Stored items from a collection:
- - -

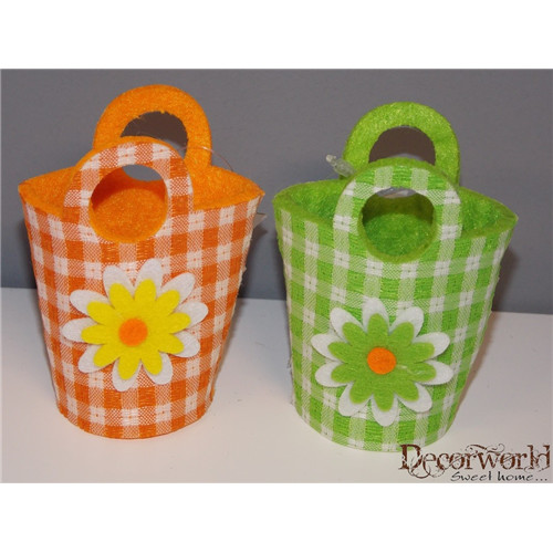Tasak virágos-kockás filc5,5x6cm - Zöld, narancs
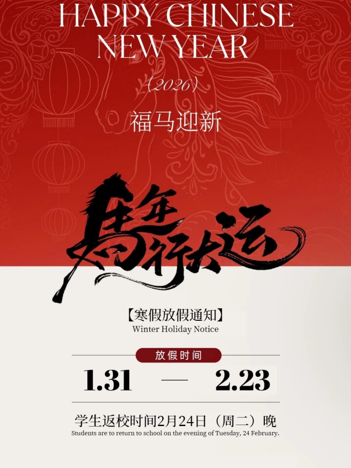 桃李未来湾区国际书院 | 岁末启新,共期春晖 | 2026年寒假放假通知及温馨提示
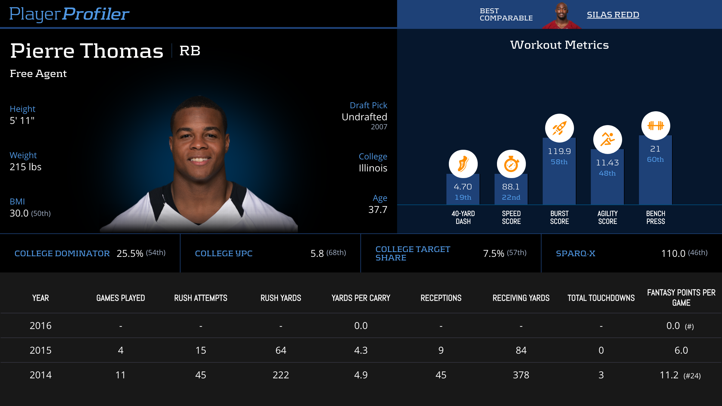 | 14 | CHI | 56.2% | -- | -- | 1 tgts | 1 | 12 | -- | 2.2 |
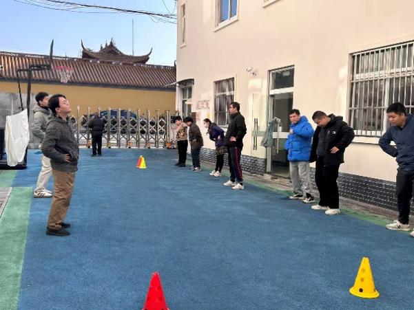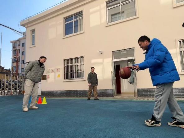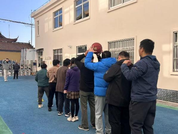 金佳伟、薛奥传和姜睿圃三名党员面向热爱篮球、性格活泼的学员,将活动延伸至室外场地。练习以动态运球开始,提升移动中的控球稳定性;随后开展多人传球配合训练,增强团队默契;最后结合传接与投篮进行小组协作训练。整个过程气氛热烈,学员们在运动中释放活力,在协作中感受团队的温暖。
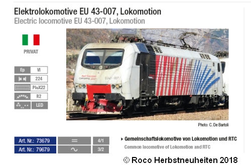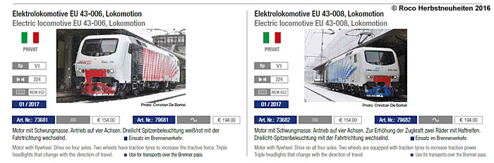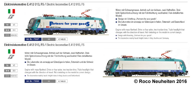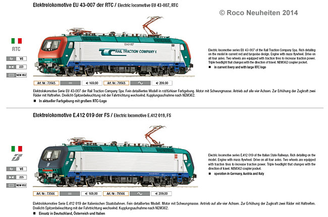 Kurzkupplungskulisse und 8-poliger NEM-Schnittstelle ausgestattet. Der Gieffeci Katalog gab auch gleich noch weitere Daten zum Vorbild, die auch im folgenden Roco Katalog übernommen wurden. Die
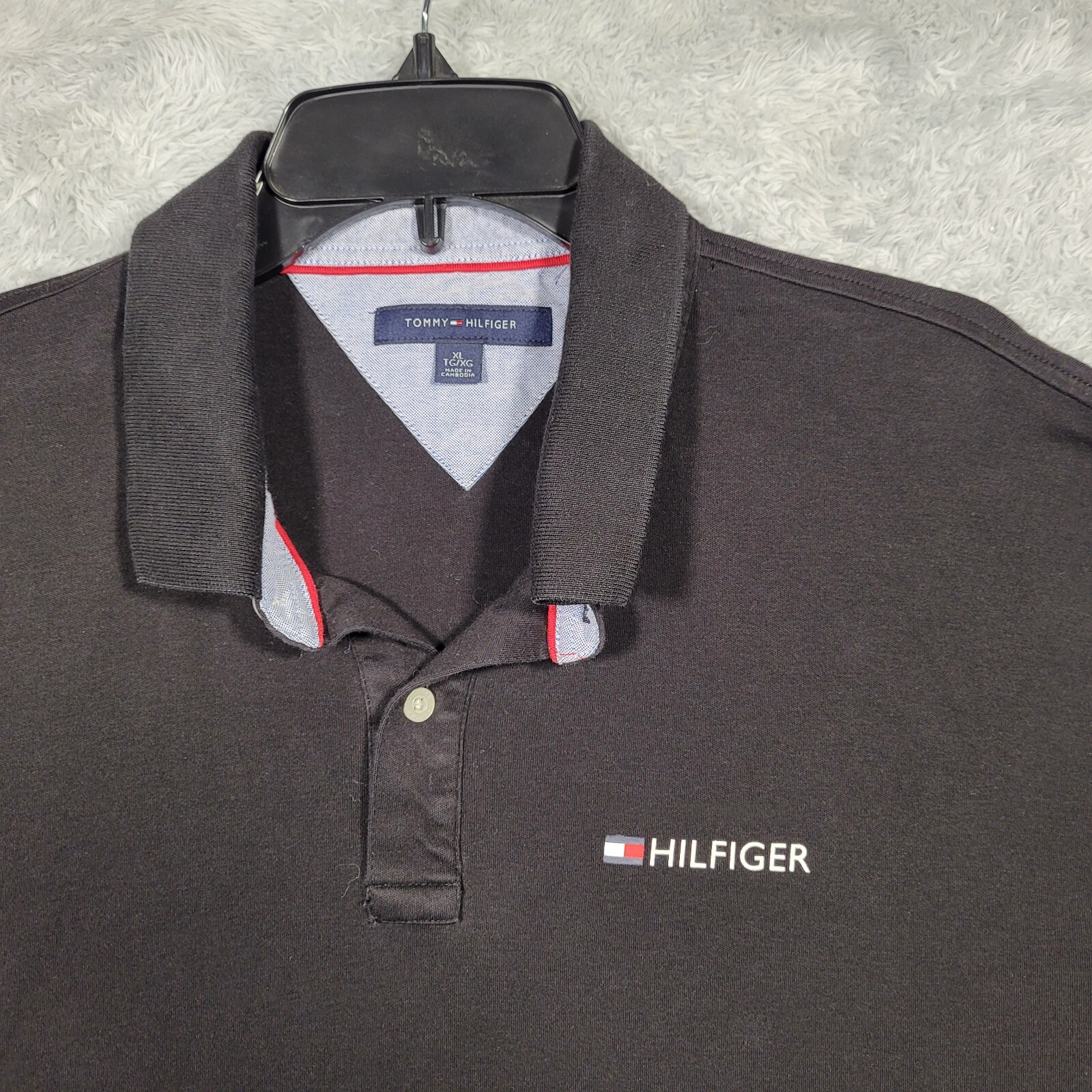 Tommy Hilfiger Polo Shirt Mens XL Black Cotton Logo Short Sleeve

- - -

= WHAT YOU HAVE TO DO =
Exactly repeat only the lines from the one with "金佳伟、薛奥传和姜睿圃三名党" to the closing line above, both included, and omit every picture.

= ANSWER TO THIS TASK =
 金佳伟、薛奥传和姜睿圃三名党员面向热爱篮球、性格活泼的学员,将活动延伸至室外场地。练习以动态运球开始,提升移动中的控球稳定性;随后开展多人传球配合训练,增强团队默契;最后结合传接与投篮进行小组协作训练。整个过程气氛热烈,学员们在运动中释放活力,在协作中感受团队的温暖。
 Kurzkupplungskulisse und 8-poliger NEM-Schnittstelle ausgestattet. Der Gieffeci Katalog gab auch gleich noch weitere Daten zum Vorbild, die auch im folgenden Roco Katalog übernommen wurden. Die
 Tommy Hilfiger Polo Shirt Mens XL Black Cotton Logo Short Sleeve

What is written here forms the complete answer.